- [Input for this task]:
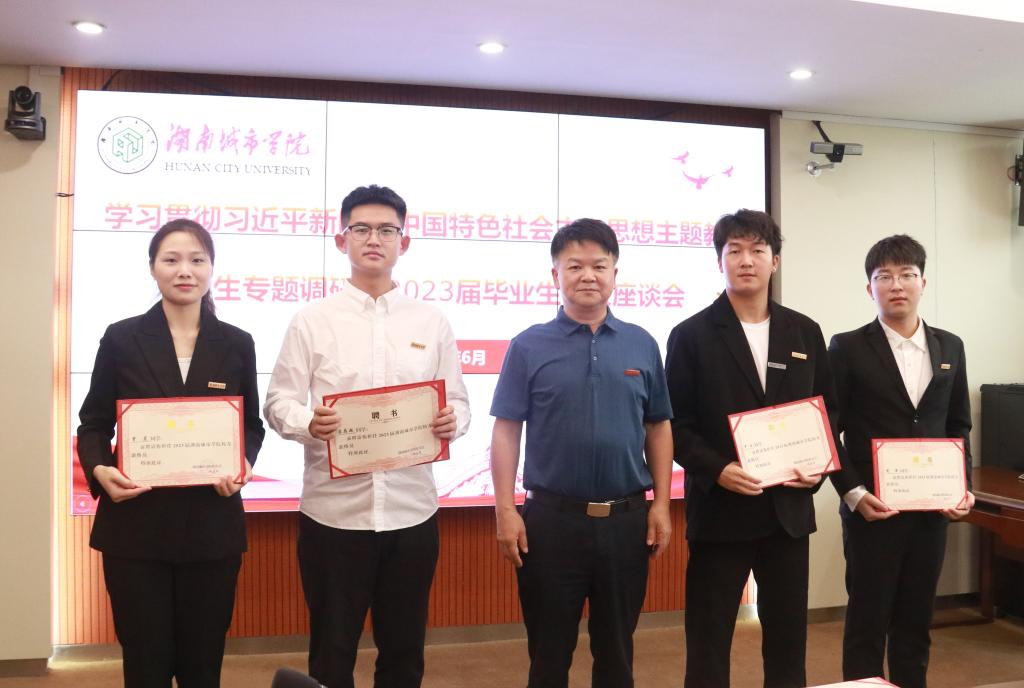 会上,14名毕业生代表踊跃发言。建筑与城市规划学院周伟和管理学院曾晨都是中共党员,学习优异、专业突出,立志支援家乡、服务基层,如今均已顺利进入湖南省选调生考察;市政与测绘工程学院尹湘选择自主创业,在校期间带领团队积极服务全校师生,他坚信新时代新青年一定要艰苦奋斗、勇于创新,并感恩母校对其创业路上的支持和鼓励;土木工程学院蔡存超、美术与设计学院/国际教育学院王硕、机械与电气工程学院杜礼智在中建五局等央企和国企如愿就业,他们一致表示得益于学校“一二三四”应用型人才培养模式及对毕业生就业的良好指导;信息与电子工程学院李希玲考取了湖南临武公务员岗位,她感慨定当不负时代、不负韶华,争做新时代奋勇前进的搏击者;理学院/教师教育学院谭晓玉毕业后即将成为高中数学教师,她感谢学校的培养与老师的关怀,令她有勇气和底气做一名人类灵魂的工程师,担负起塑造新人的时代重任。
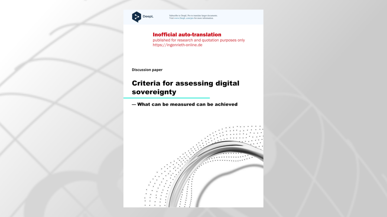 As of beginning of April 2026, Zentrum für Digitale Souveränität der Öffentlichen Verwaltung (ZenDiS; englisch Center for Digital Sovereignty of Public Administration) published its discussion paper on draft criteria for digital sovereignty.
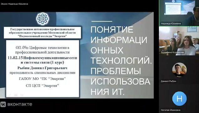 для специальности 11.02.15 Инфокоммуникационные сети и системы связи, тема занятия "Понятие информационных технологий. Проблемы использования ИТ". К занятию подключились обучающиеся и педагоги СП ЦГА и СП СЦП. Для занятия педагогом была подготовлена презентация с наглядными материалами.
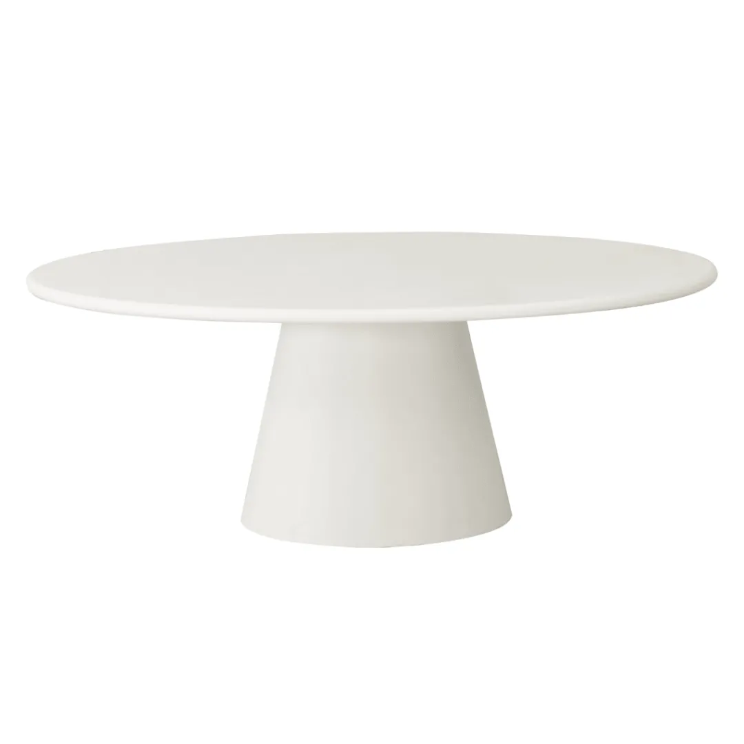 Eettafel Savannah Ovaal is een elegante tafel die direct sfeer brengt in je eetkamer. Het ovale blad en de stevige voet zijn volledig uitgevoerd in microcement en afgewerkt in een zachte wit tint. Deze combinatie geeft de tafel een moderne, maar tegelijkertijd rustige uitstraling die mooi aansluit bij verschillende interieurstijlen.
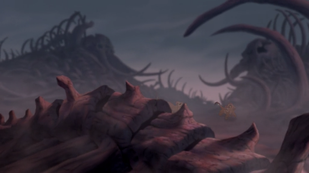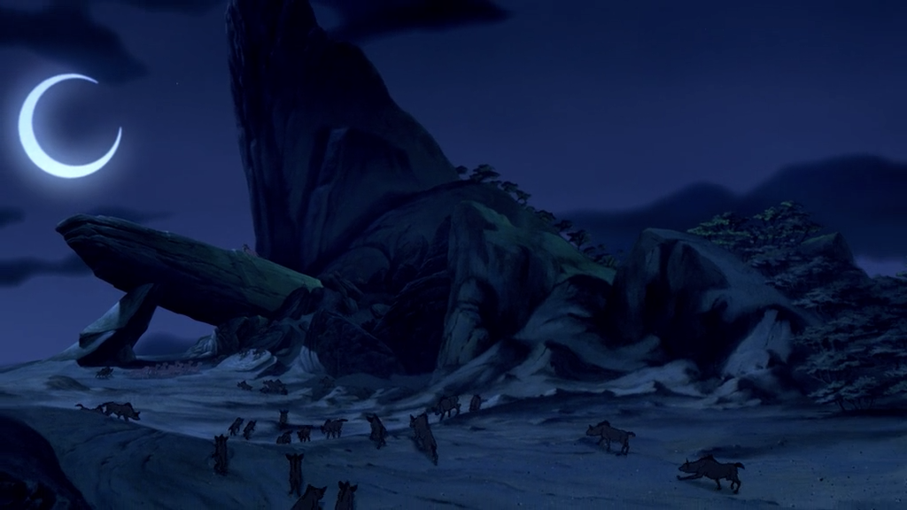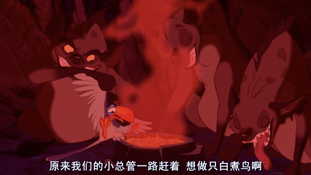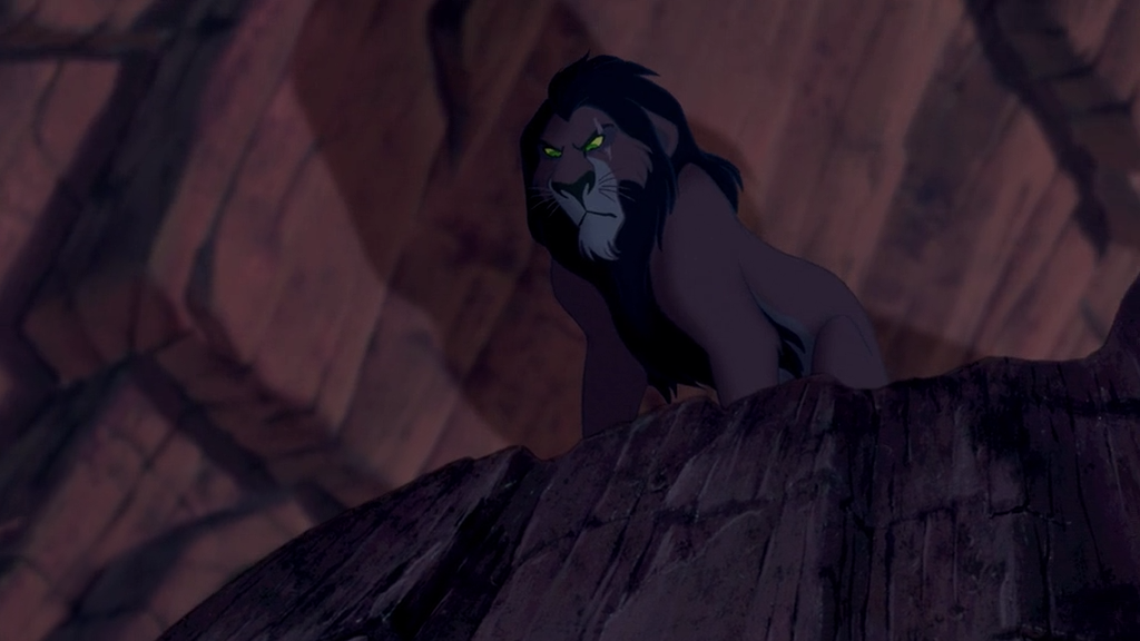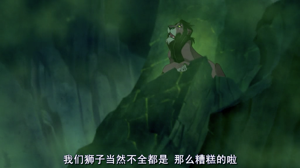 除了对画面整体情绪的影响之外,色调还能形成对于整个空间的理解。如上图木法沙所在的明亮温暖的空间和刀疤所处的阴暗诡异的空间。
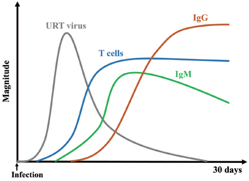 - Infection induces robust antibody and T cell responses, which in most cases likely controls viremia before COVID-19 pathogenesis progressors.
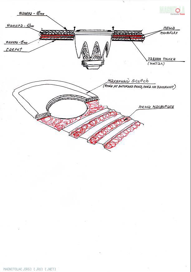 Схема задней полки для сабвуфера Free Air рекомендованная Резниковым В.Л.

- [Task prompt]: When you copy the data above, keep each line exact and omit the pictures.

- [Response area]:
 会上,14名毕业生代表踊跃发言。建筑与城市规划学院周伟和管理学院曾晨都是中共党员,学习优异、专业突出,立志支援家乡、服务基层,如今均已顺利进入湖南省选调生考察;市政与测绘工程学院尹湘选择自主创业,在校期间带领团队积极服务全校师生,他坚信新时代新青年一定要艰苦奋斗、勇于创新,并感恩母校对其创业路上的支持和鼓励;土木工程学院蔡存超、美术与设计学院/国际教育学院王硕、机械与电气工程学院杜礼智在中建五局等央企和国企如愿就业,他们一致表示得益于学校“一二三四”应用型人才培养模式及对毕业生就业的良好指导;信息与电子工程学院李希玲考取了湖南临武公务员岗位,她感慨定当不负时代、不负韶华,争做新时代奋勇前进的搏击者;理学院/教师教育学院谭晓玉毕业后即将成为高中数学教师,她感谢学校的培养与老师的关怀,令她有勇气和底气做一名人类灵魂的工程师,担负起塑造新人的时代重任。
 As of beginning of April 2026, Zentrum für Digitale Souveränität der Öffentlichen Verwaltung (ZenDiS; englisch Center for Digital Sovereignty of Public Administration) published its discussion paper on draft criteria for digital sovereignty.
 для специальности 11.02.15 Инфокоммуникационные сети и системы связи, тема занятия "Понятие информационных технологий. Проблемы использования ИТ". К занятию подключились обучающиеся и педагоги СП ЦГА и СП СЦП. Для занятия педагогом была подготовлена презентация с наглядными материалами.
 Eettafel Savannah Ovaal is een elegante tafel die direct sfeer brengt in je eetkamer. Het ovale blad en de stevige voet zijn volledig uitgevoerd in microcement en afgewerkt in een zachte wit tint. Deze combinatie geeft de tafel een moderne, maar tegelijkertijd rustige uitstraling die mooi aansluit bij verschillende interieurstijlen.
 除了对画面整体情绪的影响之外,色调还能形成对于整个空间的理解。如上图木法沙所在的明亮温暖的空间和刀疤所处的阴暗诡异的空间。
 - Infection induces robust antibody and T cell responses, which in most cases likely controls viremia before COVID-19 pathogenesis progressors.
 Схема задней полки для сабвуфера Free Air рекомендованная Резниковым В.Л.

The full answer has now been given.